To przynajmniej zaoszczędzisz na instalacji elektrycznej, która również takie pole chyba wytwarza. 
Pozdrawiam i życzę powodzenia, będę zaglądał bo posiadam grunty w Nowodworcach.

----------


## Husteczka

> To przynajmniej zaoszczędzisz na instalacji elektrycznej, która również takie pole chyba wytwarza.


No właśnie tej elektryki trochę będzie, bo wiadomo że teraz ludzie to wygodnie lubią żyć i mieć dziesiątki włączników pod ręką i ja pewnie podobnie :Smile:  Trochę nas będzie od tego pola chronić tynk gliniany ale wiadomo, że od tego się nie ucieknie.

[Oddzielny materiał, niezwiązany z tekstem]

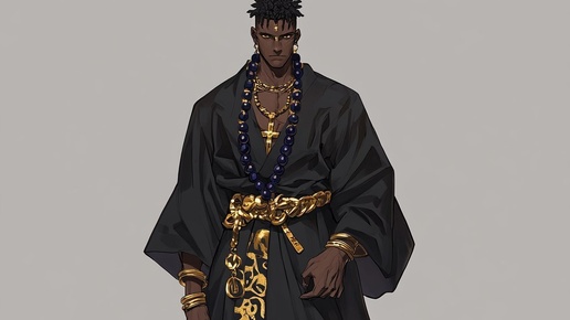 Создано на основе запроса: Charon from Fire Force, tall, muscular, handsome, wearing African style robes, black and gold, braided hair with golden tips, black sandals, large royal blue monk beads, niji 6 --- Автоперевод: Харон из огненных сил, высокие, мускулистые, красивые,...
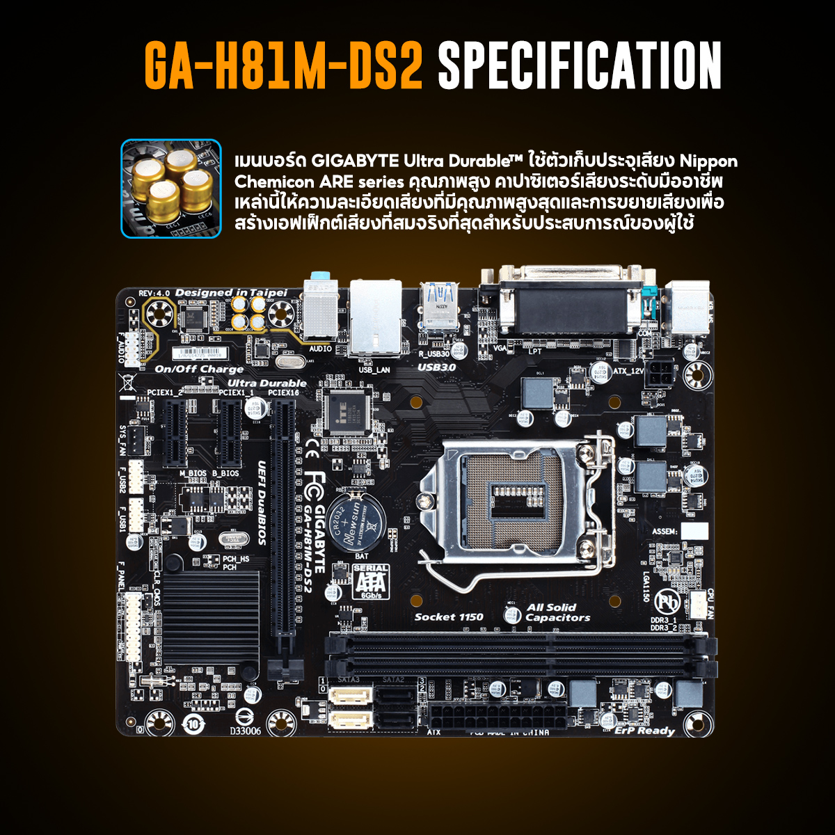 ▪ LPT, COM, D-SUB port on rear panel

Dziś koparka wykopała nam dół pod fundamenty i piwnicę. Fajnie to wygląda jak już zaczęło się dziać :Biggrin:

----------


## Husteczka

Wczoraj było zbrojenie i czekanie na beton, który nie dojechał. Dziś rano dojechał i mamy zalane ławy :Smile:  Ślubny włożył chleb św. Agaty w każdy narożnik i teraz czekamy na bloczki betonowe do budowy ścian piwnicy. Kupiliśmy też agregat prądotwórczy bo nie będziemy ciągnąć budowlanego od PGE. Majster mówi, że może agregat zabierać swoim vanem codziennie z budowy więc nie musimy jeździć po niego codziennie na budowę. Droga dojazdowa, o którą się martwiłam, została usypana przez dewelopera, którego osiedle też z niej korzysta i fakt, że jego ludzie wywalili tam śmieci :'( ale już się stało, opieprz poszedł w świat, a droga wytrzymała betoniarę :Biggrin:

----------


## Husteczka

Dziś obudził mnie telefon od kierbuda.
K: Chyba nie obudziłem?
Ja: Nieeeee, tak trochę tylko.
K: Byłem na budowie i panią też zachęcam.
Ja: A coś się stało?
K: Czy wie pani ile osób buduje pani dom?
Ja: Jedna?
K: Dziesięć proszę pani. Nigdy nie widziałem tyłu osób na budowie domu jednorodzinnego!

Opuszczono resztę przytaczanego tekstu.